▶ _INPUT MATERIAL_
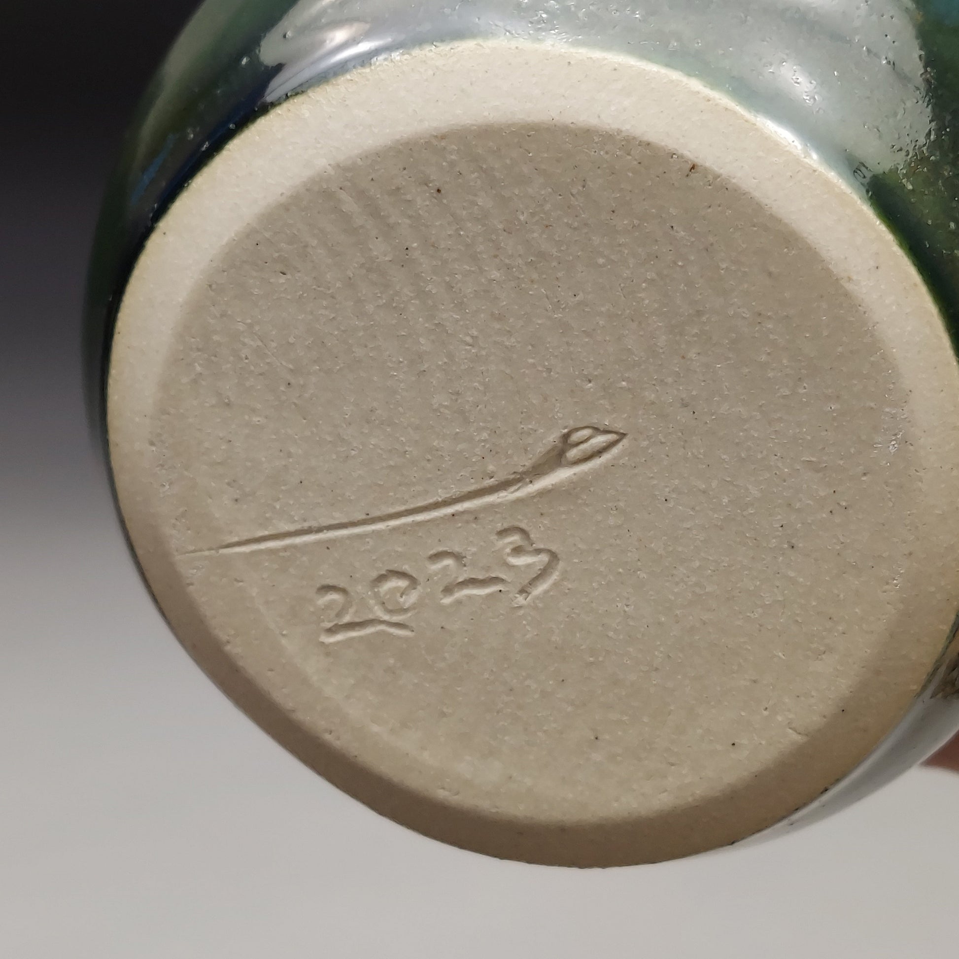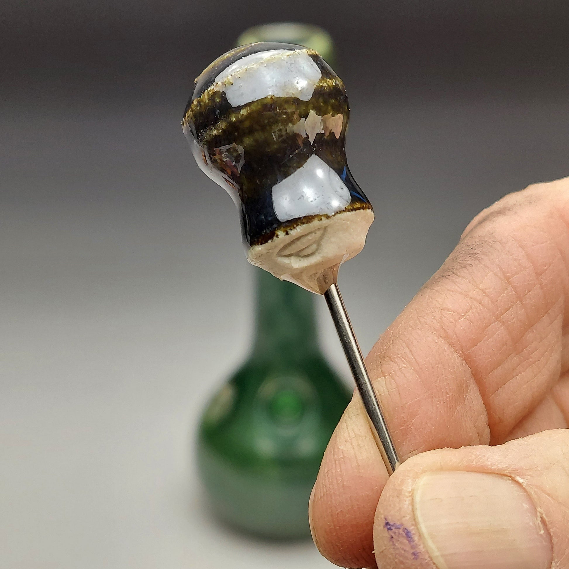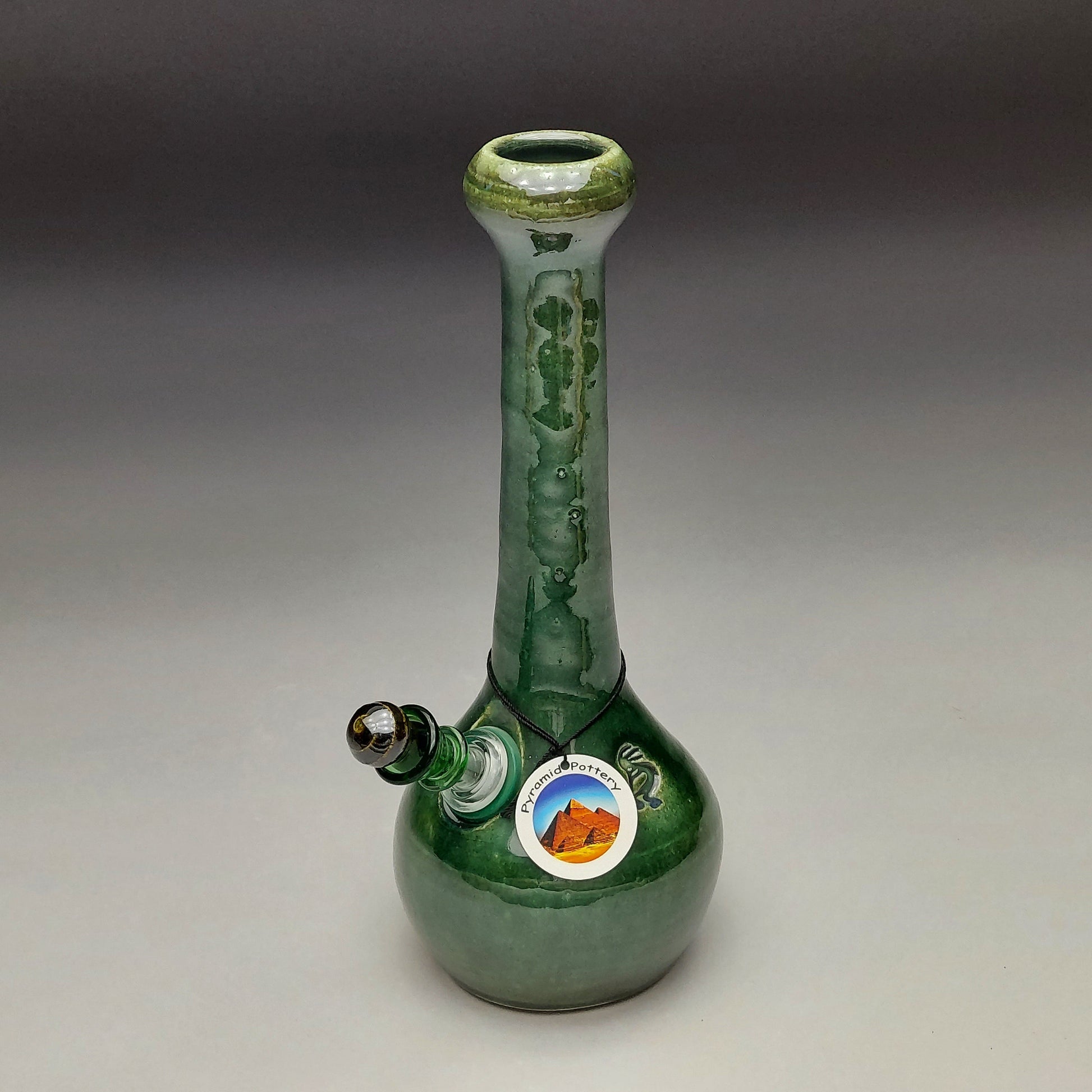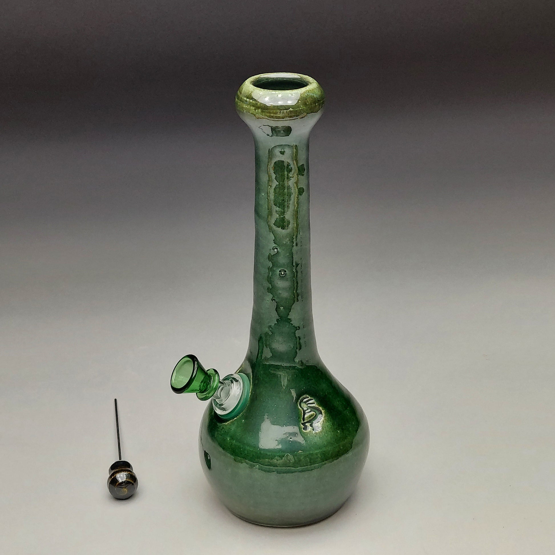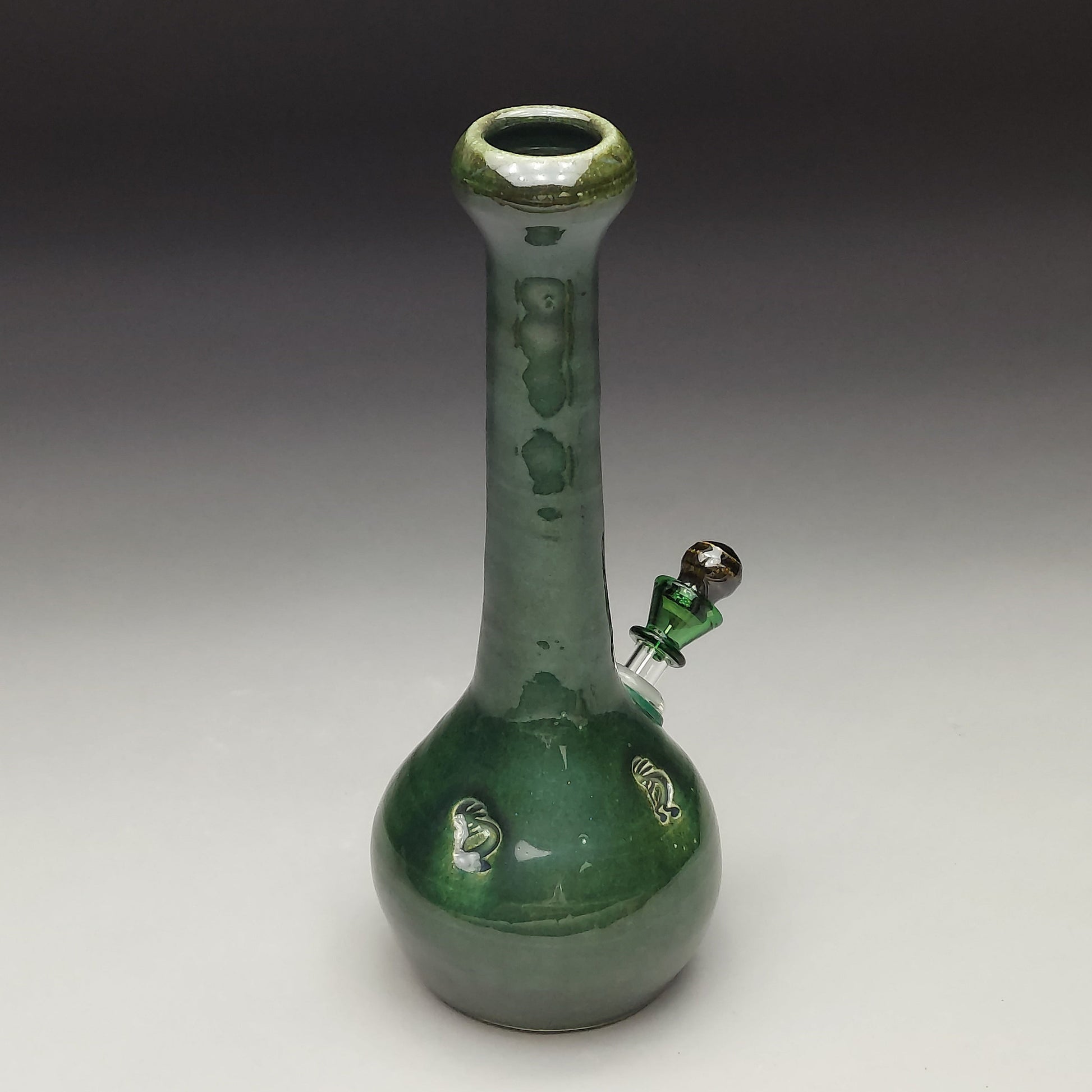 Handcrafted wheel-thrown ceramic bottle with matching poker in green glaze featuring Kokopelli decoration. Each piece is a unique work of functional art.
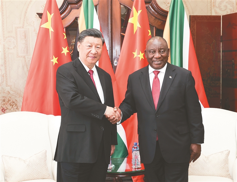 习近平指出,这是我第四次以中国国家主席身份访问南非。10年来,我亲历了中南关系的蓬勃发展。中南关系之所以好、中南友谊之所以深,关键在于两国两党在各自发展道路上休戚与共,结下了深厚友谊。当前,中国正在以中国式现代化全面推进中华民族伟大复兴,南非正在探索符合本国国情的现代化道路。中方愿同南方一道,传承友好、深化合作、加强协作,推动中南全面战略伙伴关系不断迈上新台阶,携手构建高水平中南命运共同体。
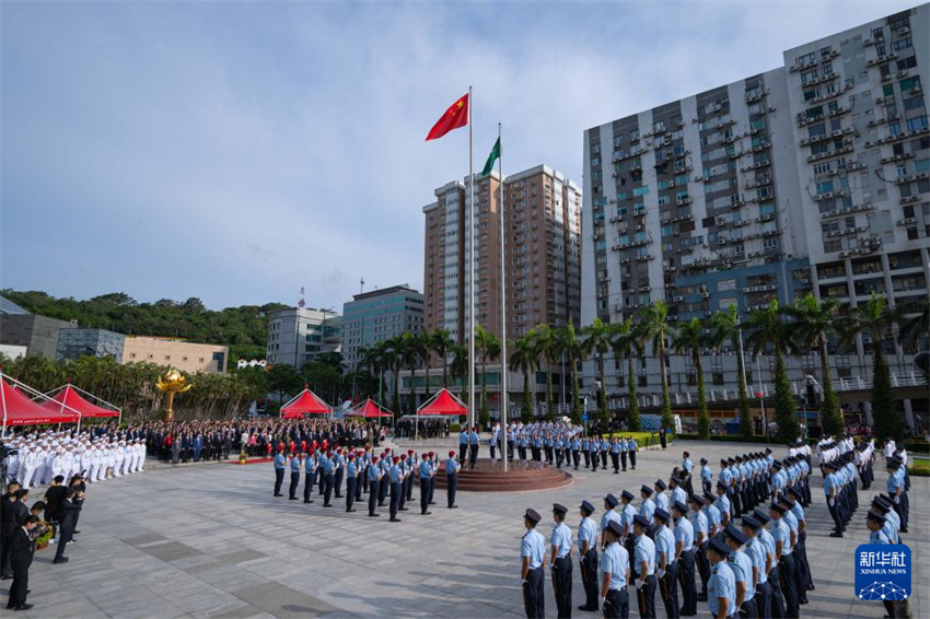 A cerimônia de hasteamento teve início às 8h, na Praça de Lótus Dourado. Uma guarda de honra conduziu a bandeira nacional e a bandeira da RAEM até o local. Ao som do hino nacional, os presentes prestaram homenagem solene enquanto as bandeiras eram erguidas.
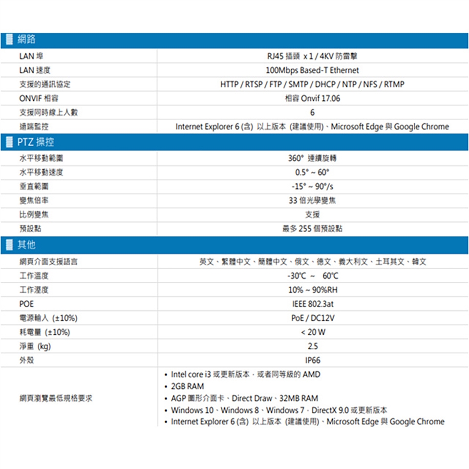 -搭配 33 倍光學變焦鏡頭 f4.5 ~ 148.5mm,適合各式監控環境使用
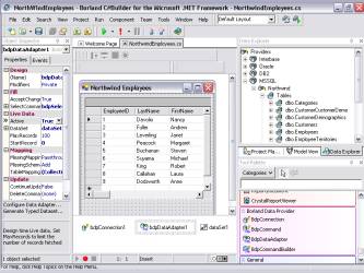 In addition to supporting the SQL Server, Oracle, OleDb, and ODBC data providers included in the .NET Framework that VS .NET supports, C#Builder also includes the Borland Data Provider (BDP). BDP is an extensible data provider that lets you connect to multiple databases with the same code. Current databases supported include Borland InterBase, IBM DB2, Microsoft SQL Server, and Oracle 9i. At press time, Borland is adding even more support for new data providers and, by every indication I've seen, it is committed to continue doing so for the foreseeable future.
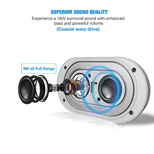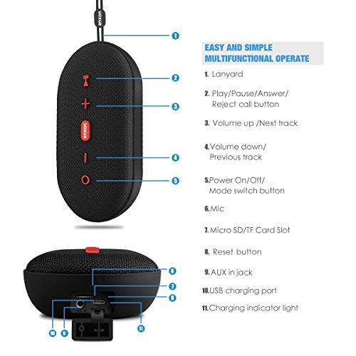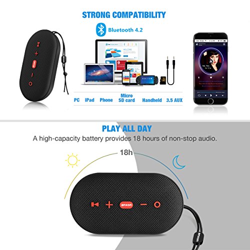 -. Feature : IPX5 Waterproof: Anxon has top level waterproof able to withstand full immersion of up to 33 feet for 30 minutes.it's dustproof, snowproof, mudproof, waterproof or even being dropped. Confidently take Anxon for shower, boat, hiking, camping, risk, to the beach, pool, or just your backyard. With Sporty looks, great gift for summer holiday. / Complete Compatibility: Easily connect any device with a playlist to have continuous sound for any occasion. Tablets, cellphones sync in a snap with Bluetooth 4.2. Works great with iPhones, iPad, Samsung, HTC. Micro SD (TF) Reader Slot supports playback of MP3 files. Wired connection with PC, TV and other non-Bluetooth devices with 3.5mm audio jack. Use Anxon for hands-free calling. You can even do Karaoke with the unique 3.5mm external microphone to have a backyard party. / Booming Bass and Full Volume: Get 18W sound with Anxon's two 9 watt full-range drivers and two passive radiators. Super bass booms with less than 1% total harmonic distortion. A perfect gift for music lover with an active lifestyle. / Long Play Time Fast Charge: Get the play time you want with a 2200mAh rechargeable battery that can go for up to 18-Hour (At 50% volume, playtime varies according to volume level and audio content) Quick charge gets back to full in about 2.5 hours. / What You Get: Comes with Anxon Bluetooth 4.2 speaker, a Micro USB charging cable, Quick Start Guide. Our Worry-Free 12 Month Warranty plus our lifetime customer service makes your purchase absolutely risk-free.
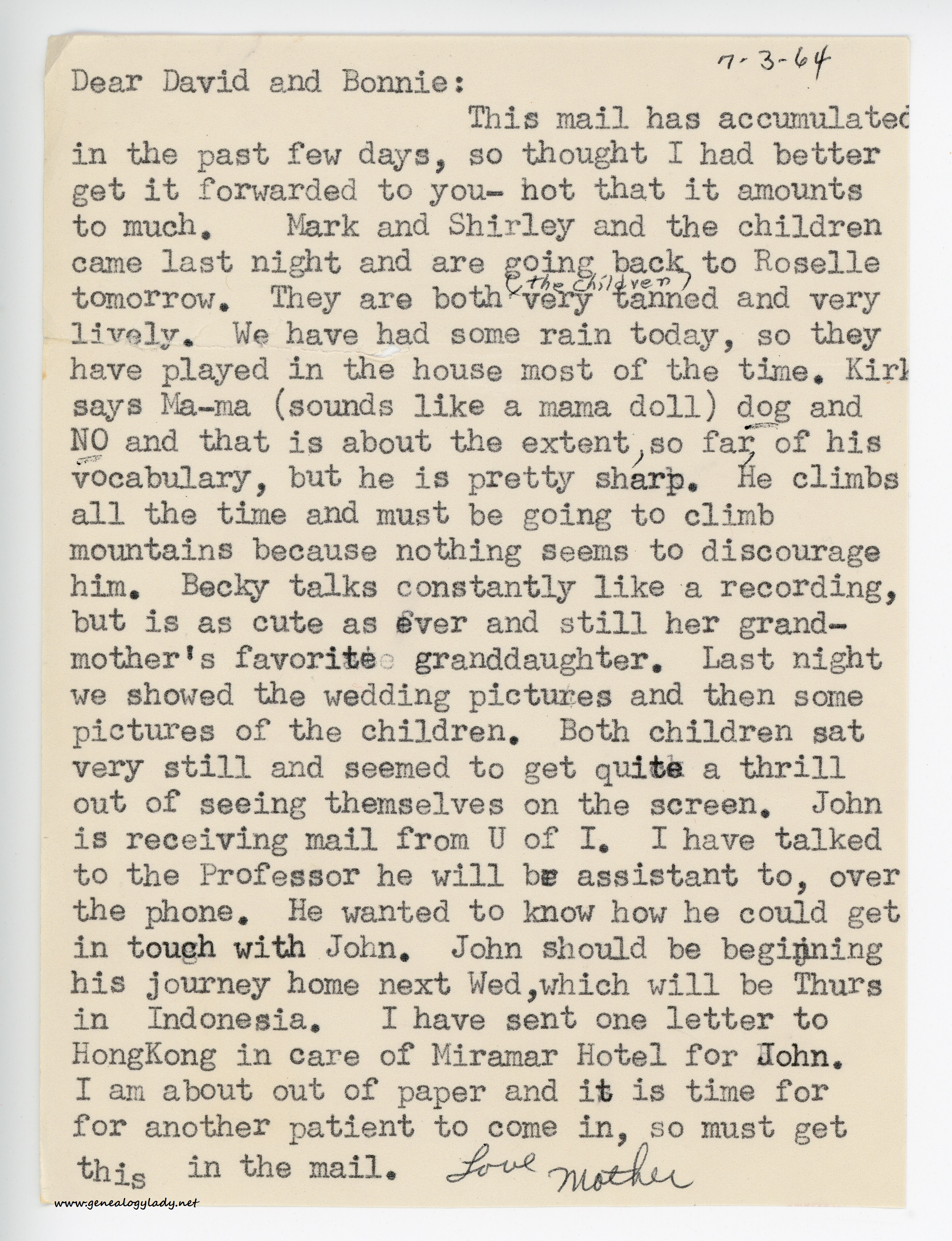Yesterday afternoon John went with me to see Aunt Ruth. We couldn’t see Uncle Earl. He has been in hospital at Joliet (we stopped at Wilmington and talked to Mrs. Johnson and she told us Ruth was at the hospital – where we thought she would be) and has had a stroke. He was quite ill when he was rushed to the hospital and since he reacts unfavorable to sedation, the Dr. had a hard time getting him quieted down. He was sleeping yesterday. We left here at 1:00 and arrived at the hospital at 3:00. We stayed with Aunt Ruth the rest of the afternoon, then took her home. Romaine had not been able to go to Wilmington because Tye was away from home on business and the woman who stays with the children was not available, but Aunt Ruth thought Tye would be back home and Romaine would be able to come any day now. Dad called the Dr. who is taking care of Uncle Earl and his report wasn’t too favorable. At a time like this I wish I could be closer to her so I could furnish transportation for her, but their friends have been very good about getting her to and from the hospital. Tye’s parents live in Wilmington and they have been very helpful.

▶ _WHAT NEEDS TO BE DONE_
Write out the whole of the data exactly; the pictures stay out.

▶ _SOLUTION_
 Handcrafted wheel-thrown ceramic bottle with matching poker in green glaze featuring Kokopelli decoration. Each piece is a unique work of functional art.
 习近平指出,这是我第四次以中国国家主席身份访问南非。10年来,我亲历了中南关系的蓬勃发展。中南关系之所以好、中南友谊之所以深,关键在于两国两党在各自发展道路上休戚与共,结下了深厚友谊。当前,中国正在以中国式现代化全面推进中华民族伟大复兴,南非正在探索符合本国国情的现代化道路。中方愿同南方一道,传承友好、深化合作、加强协作,推动中南全面战略伙伴关系不断迈上新台阶,携手构建高水平中南命运共同体。
 A cerimônia de hasteamento teve início às 8h, na Praça de Lótus Dourado. Uma guarda de honra conduziu a bandeira nacional e a bandeira da RAEM até o local. Ao som do hino nacional, os presentes prestaram homenagem solene enquanto as bandeiras eram erguidas.
 -搭配 33 倍光學變焦鏡頭 f4.5 ~ 148.5mm,適合各式監控環境使用
 In addition to supporting the SQL Server, Oracle, OleDb, and ODBC data providers included in the .NET Framework that VS .NET supports, C#Builder also includes the Borland Data Provider (BDP). BDP is an extensible data provider that lets you connect to multiple databases with the same code. Current databases supported include Borland InterBase, IBM DB2, Microsoft SQL Server, and Oracle 9i. At press time, Borland is adding even more support for new data providers and, by every indication I've seen, it is committed to continue doing so for the foreseeable future.
 -. Feature : IPX5 Waterproof: Anxon has top level waterproof able to withstand full immersion of up to 33 feet for 30 minutes.it's dustproof, snowproof, mudproof, waterproof or even being dropped. Confidently take Anxon for shower, boat, hiking, camping, risk, to the beach, pool, or just your backyard. With Sporty looks, great gift for summer holiday. / Complete Compatibility: Easily connect any device with a playlist to have continuous sound for any occasion. Tablets, cellphones sync in a snap with Bluetooth 4.2. Works great with iPhones, iPad, Samsung, HTC. Micro SD (TF) Reader Slot supports playback of MP3 files. Wired connection with PC, TV and other non-Bluetooth devices with 3.5mm audio jack. Use Anxon for hands-free calling. You can even do Karaoke with the unique 3.5mm external microphone to have a backyard party. / Booming Bass and Full Volume: Get 18W sound with Anxon's two 9 watt full-range drivers and two passive radiators. Super bass booms with less than 1% total harmonic distortion. A perfect gift for music lover with an active lifestyle. / Long Play Time Fast Charge: Get the play time you want with a 2200mAh rechargeable battery that can go for up to 18-Hour (At 50% volume, playtime varies according to volume level and audio content) Quick charge gets back to full in about 2.5 hours. / What You Get: Comes with Anxon Bluetooth 4.2 speaker, a Micro USB charging cable, Quick Start Guide. Our Worry-Free 12 Month Warranty plus our lifetime customer service makes your purchase absolutely risk-free.
Yesterday afternoon John went with me to see Aunt Ruth. We couldn’t see Uncle Earl. He has been in hospital at Joliet (we stopped at Wilmington and talked to Mrs. Johnson and she told us Ruth was at the hospital – where we thought she would be) and has had a stroke. He was quite ill when he was rushed to the hospital and since he reacts unfavorable to sedation, the Dr. had a hard time getting him quieted down. He was sleeping yesterday. We left here at 1:00 and arrived at the hospital at 3:00. We stayed with Aunt Ruth the rest of the afternoon, then took her home. Romaine had not been able to go to Wilmington because Tye was away from home on business and the woman who stays with the children was not available, but Aunt Ruth thought Tye would be back home and Romaine would be able to come any day now. Dad called the Dr. who is taking care of Uncle Earl and his report wasn’t too favorable. At a time like this I wish I could be closer to her so I could furnish transportation for her, but their friends have been very good about getting her to and from the hospital. Tye’s parents live in Wilmington and they have been very helpful.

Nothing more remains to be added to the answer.